Some of you may be spiritual buffs and others may be ultra realists. I’m here to tell you that after 7+ years of personal experience as well as coaching others with career exploration, I have honed both practical steps you can take as well as a broader concept for how to figure out your purpose. If you’re at all interested in figuring out a career path that aligns with you, consider the concept below.

You may have read “The Secret” which ultimately shares that wherever your energy goes, you will ultimately reach that outcome. While I generally support this, I have a slightly alternative view or concept you can consider.

Higher-Level Path

In my experience, we all have a higher-level path that either we’re operating in alignment with or we are operating out of alignment with (ie in our day to day decisions). Thus, we have an overall purpose (which takes time to figure out what it is), but it is often a feeling of whether our decisions do or do not align with what we know we should do.

Check out the below image (reads from RIGHT to left)

You can see that the “higher-level purpose” is something you can actually picture as a “higher” level. Then, your everyday choices either align with your path (get you closer to that purpose line) or get you farther away from it (don’t align).

It’s worth discussing how to know whether your decisions align or do not align and also how to navigate the overarching process to continuously get closer to and ultimately reach clarity on your higher-level purpose.

Transition or Decision Making

When you’re in a moment of transition or decision making, it’s a good idea to check in with your feelings, your intuition and even your subconscious in what’s really driving that decision (fear? Or clarity?). Do you feel focused in that decision or stressed, distracted, confused, or frustrated? How you feel at that moment can be a major indicator of what state you’re operating in. You don’t want to make big decisions out of a place of fear. Make sure to ask yourself how you feel about the decision and about each option at hand. If you don’t feel clarity, confidence, certainty, and excitement about the choice, then take a pause.

In order to adequately figure out your next step (where you can feel clear and excited about your choices), pursue these steps of exploration:

  • Reflect on your interests as it relates to things you love doing and content/topic areas you love. Translate these interests into potential roles and industries.
  • Once you have options for potential career paths, dabble in online research — what do these roles and industries entail?
  • Once you have some basic research done, embrace networking as a way to learn. This is a great time where people can easily connect with you virtually to lend some mentorship and words of advice. The goal of this type of networking is to learn the reality of your options.
  • You may learn about things you like and things you don’t like — lean in closer to the areas that sound intriguing. Keep learning until you’re only strongly considering ONE option. If you’re still comparing options, you haven’t learned enough.
  • From there, you may be seriously considering a certain choice or path. THIS is the perfect time to try it out first hand — how can you gain in-person, direct, firsthand exposure to that choice? This is how you can test whether you’d actually like that choice before you choose it!
  • Once you know your ideal next step, you can then ask yourself the best route or path to achieve that step.

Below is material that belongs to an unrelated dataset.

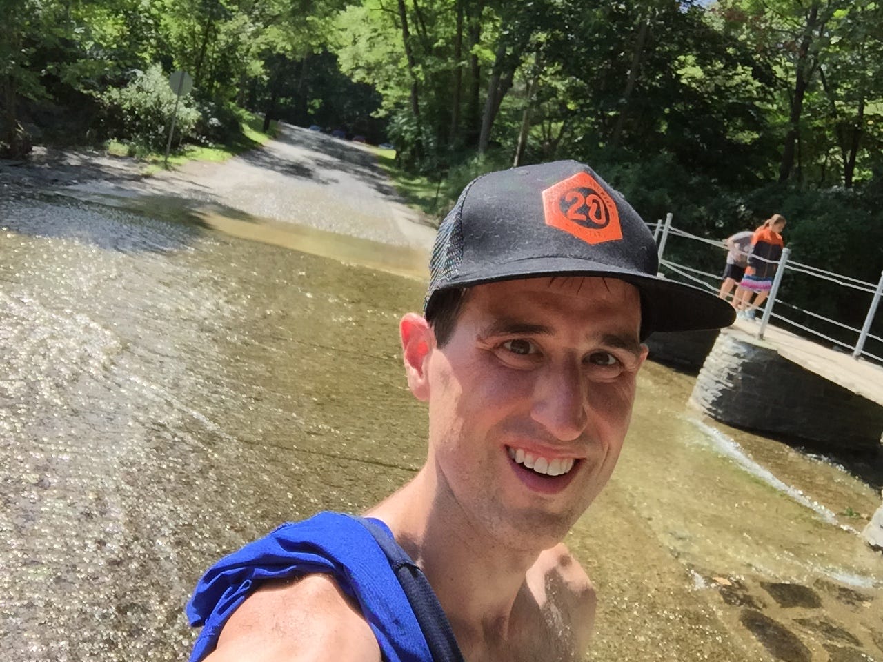 After the Old Mill, there were a few delightful minutes running narrow, level singletrack with foliage tightly packed on both sides. Then we were at the top water crossing, a deeper crossing that got my feet nice and wet, and even a few splashes up on my shorts. I was grateful to not slip here, and quickly mounted the bank on the other side and kept on running.

This process can relate to choosing a career path, a college, a major, a graduate degree, or any other professional endeavor.

The bottom line in figuring out your higher-level purpose or ideal path is trying to figure it out. In persisting with patience through this process, you will reach the outcome of finding clarity in your next steps and in your overall path. As Steve Jobs says, “you’ll know” when you get there. It is a feeling both in the day to day choices as well a feeling that will indicate the a-ha moment for when you’ve crystallized your ideal path. Steve also reminds us “don’t settle” until you find it.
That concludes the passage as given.